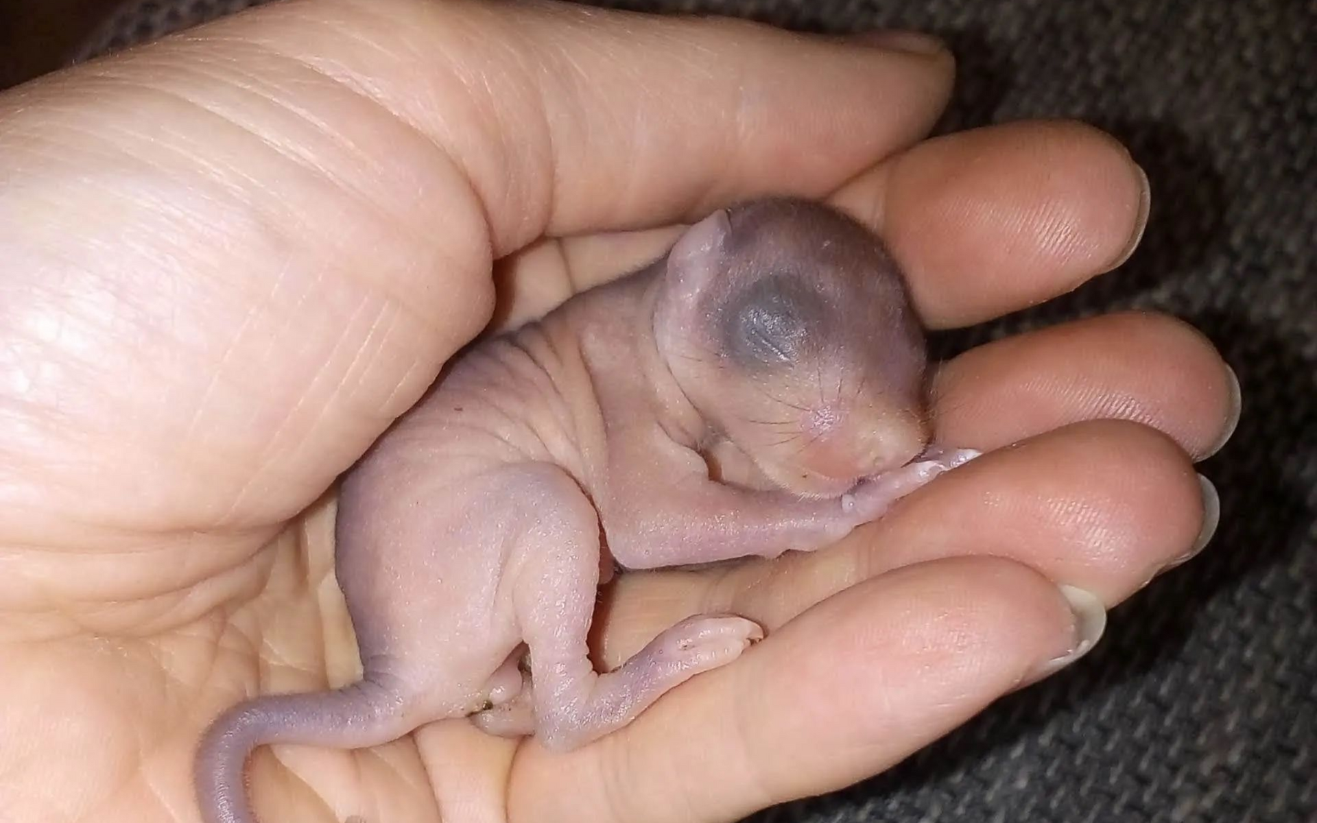Sie sind nackt und haben die Augen geschlossen und sehen aus wie kleine Mäuse. Bitte achtet auf heruntergefallene Kobel (Eichhörnchen-Nest), die durch Sturm oder Abholzung am Boden liegen können.
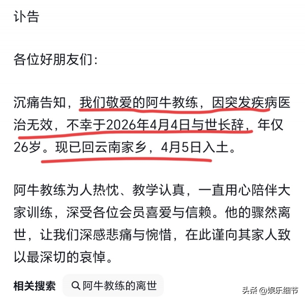 他的同事在网上发布讣告,讣告上称:"沉痛告知,我们敬爱的阿牛教练,因突发疾病医治无效,不幸于2026年4月4日与世长辞。"
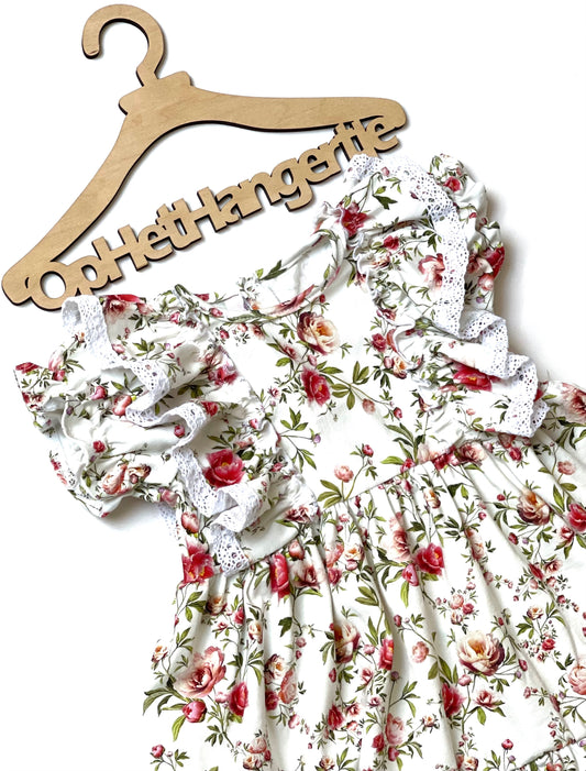 Jurkje 'Roses' Met Ruches Met Borduursels Gebroken Wit Bloemenmotief
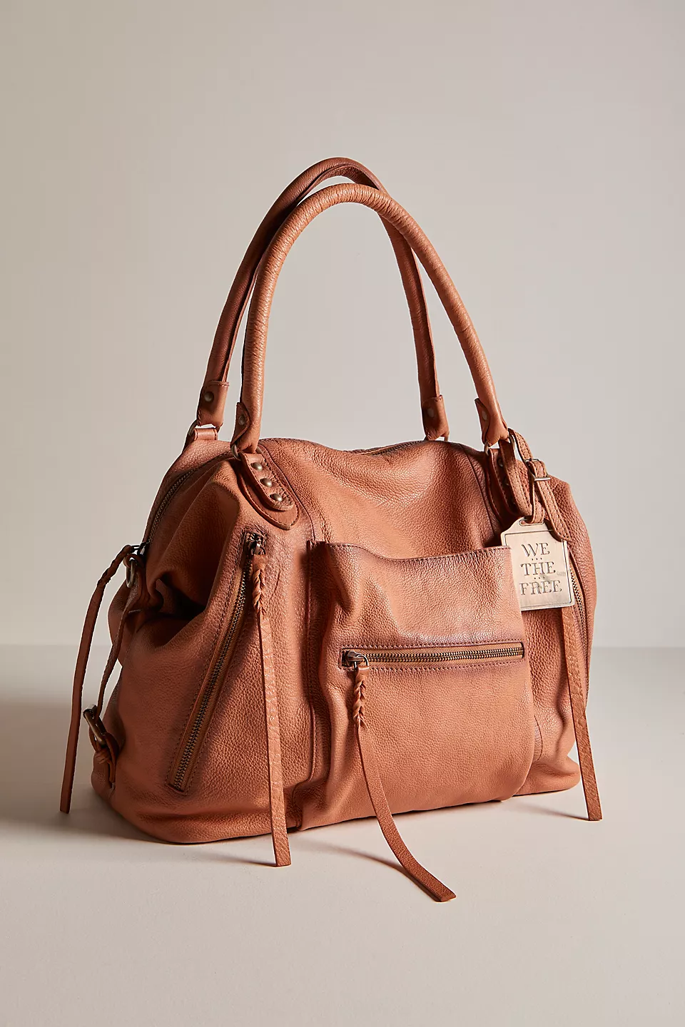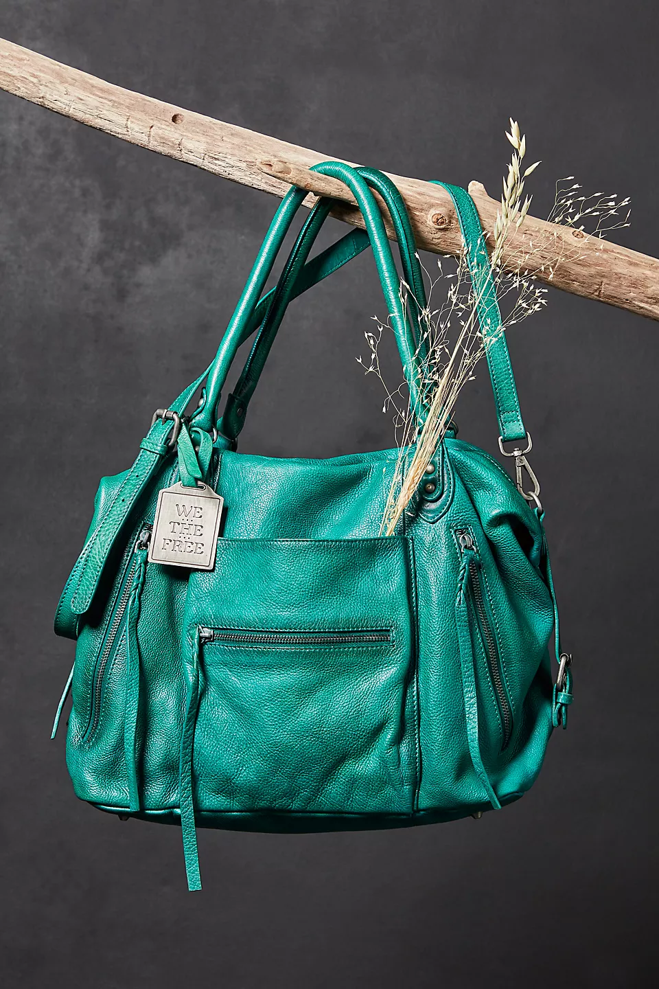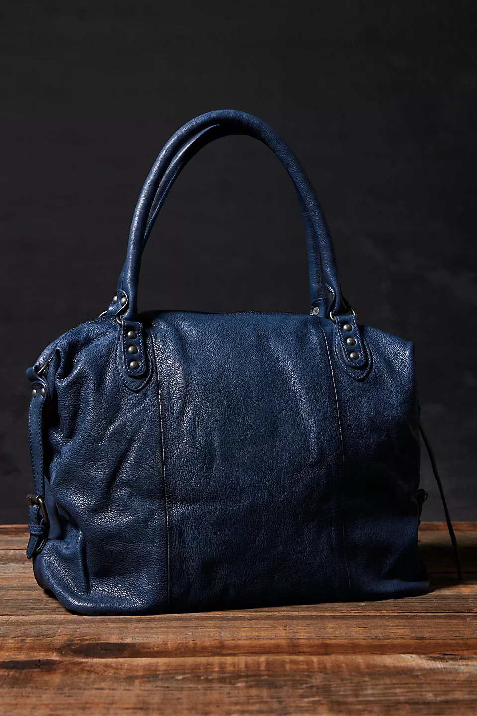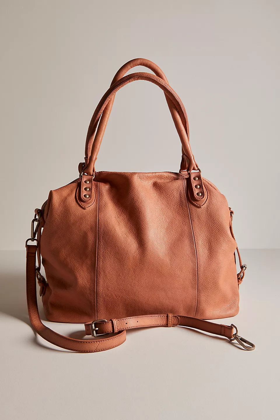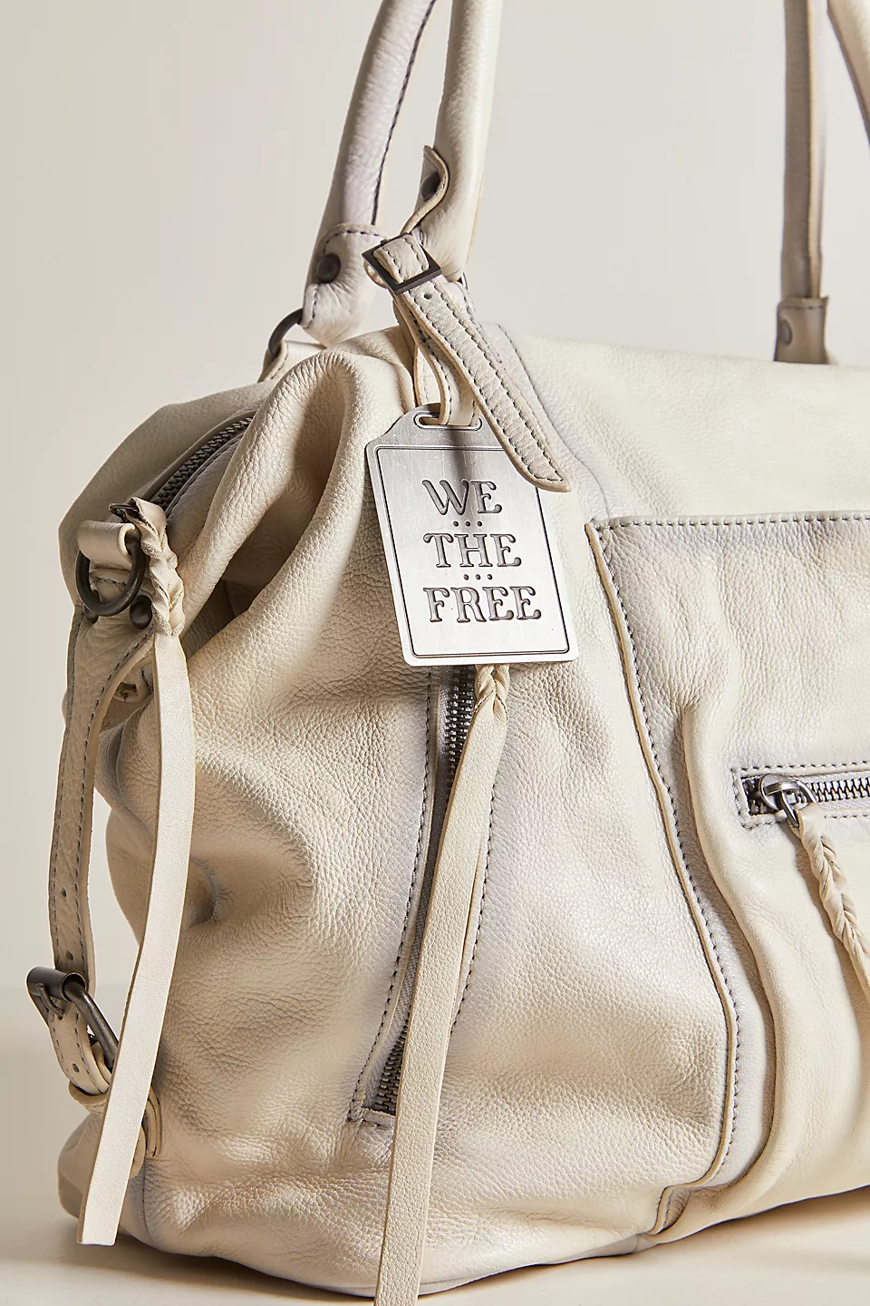 Features: Slouchy style, spacious interior, worn leather fabrication, exterior zipper compartments, exterior and interior pockets, buckle details, two top handles, detachable and adjustable shoulder strap, zipper closure, branded tag

_ACTIVITY_
Each line of the material above should be set down exactly, with no pictures.

_OUTPUT OF THE TASK_
Sie sind nackt und haben die Augen geschlossen und sehen aus wie kleine Mäuse. Bitte achtet auf heruntergefallene Kobel (Eichhörnchen-Nest), die durch Sturm oder Abholzung am Boden liegen können.
 他的同事在网上发布讣告,讣告上称:"沉痛告知,我们敬爱的阿牛教练,因突发疾病医治无效,不幸于2026年4月4日与世长辞。"
 Jurkje 'Roses' Met Ruches Met Borduursels Gebroken Wit Bloemenmotief
 Features: Slouchy style, spacious interior, worn leather fabrication, exterior zipper compartments, exterior and interior pockets, buckle details, two top handles, detachable and adjustable shoulder strap, zipper closure, branded tag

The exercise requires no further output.